Hinge Regression Tree: A Newton Method for Oblique Regression Tree Splitting
This addresses the challenge of efficient and effective oblique decision tree learning for machine learning practitioners, offering a novel optimization approach with proven convergence and approximation guarantees.
The paper tackled the NP-hard problem of learning high-quality oblique splits in decision trees by introducing the Hinge Regression Tree (HRT), which reframes splits as a non-linear least-squares problem and uses a damped Newton method, resulting in fast convergence and matching or outperforming baselines with more compact structures.
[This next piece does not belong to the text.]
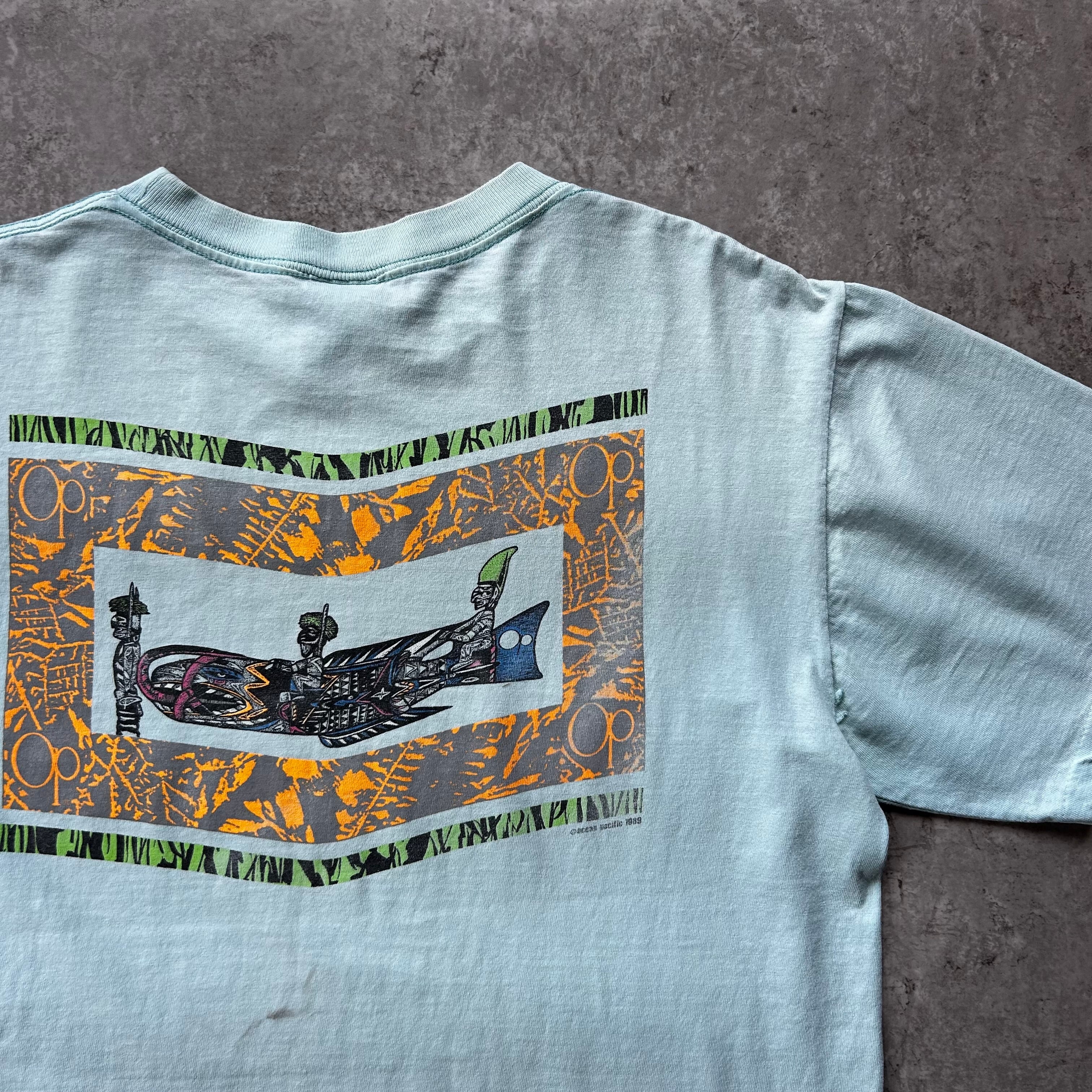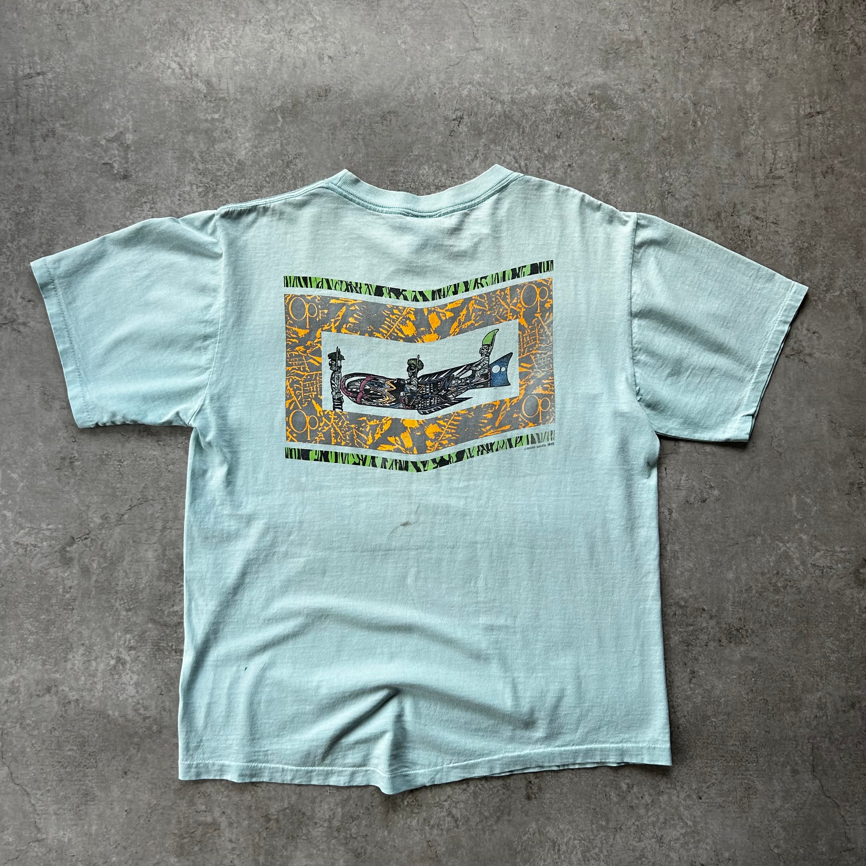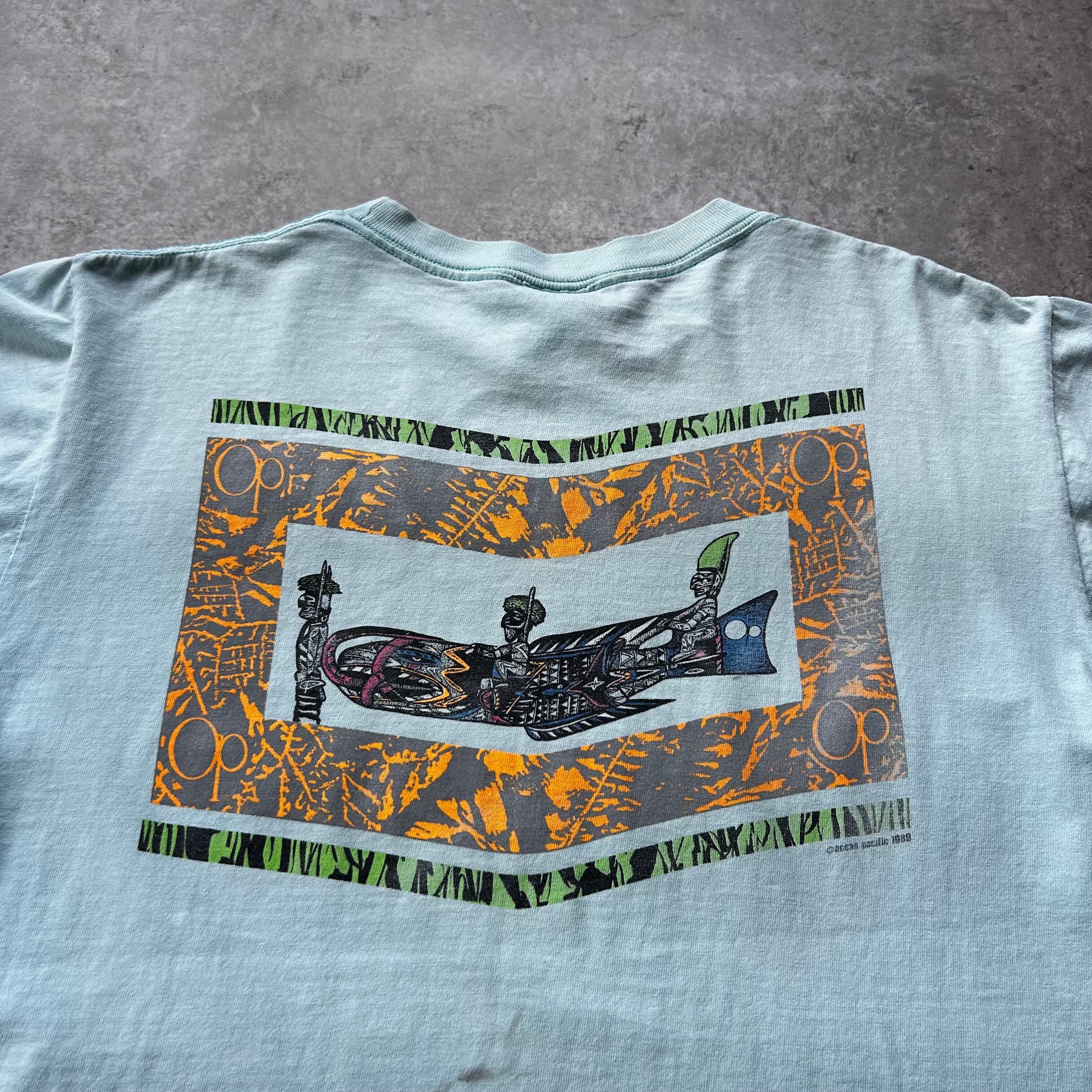 80s オーシャンパシフィック tシャツ USA製 ライトブルー L ネイティブ

Oblique decision trees combine the transparency of trees with the power of multivariate decision boundaries, but learning high-quality oblique splits is NP-hard, and practical methods still rely on slow search or theory-free heuristics. We present the Hinge Regression Tree (HRT), which reframes each split as a non-linear least-squares problem over two linear predictors whose max/min envelope induces ReLU-like expressive power. The resulting alternating fitting procedure is exactly equivalent to a damped Newton (Gauss-Newton) method within fixed partitions. We analyze this node-level optimization and, for a backtracking line-search variant, prove that the local objective decreases monotonically and converges; in practice, both fixed and adaptive damping yield fast, stable convergence and can be combined with optional ridge regularization. We further prove that HRT's model class is a universal approximator with an explicit $O(δ^2)$ approximation rate, and show on synthetic and real-world benchmarks that it matches or outperforms single-tree baselines with more compact structures.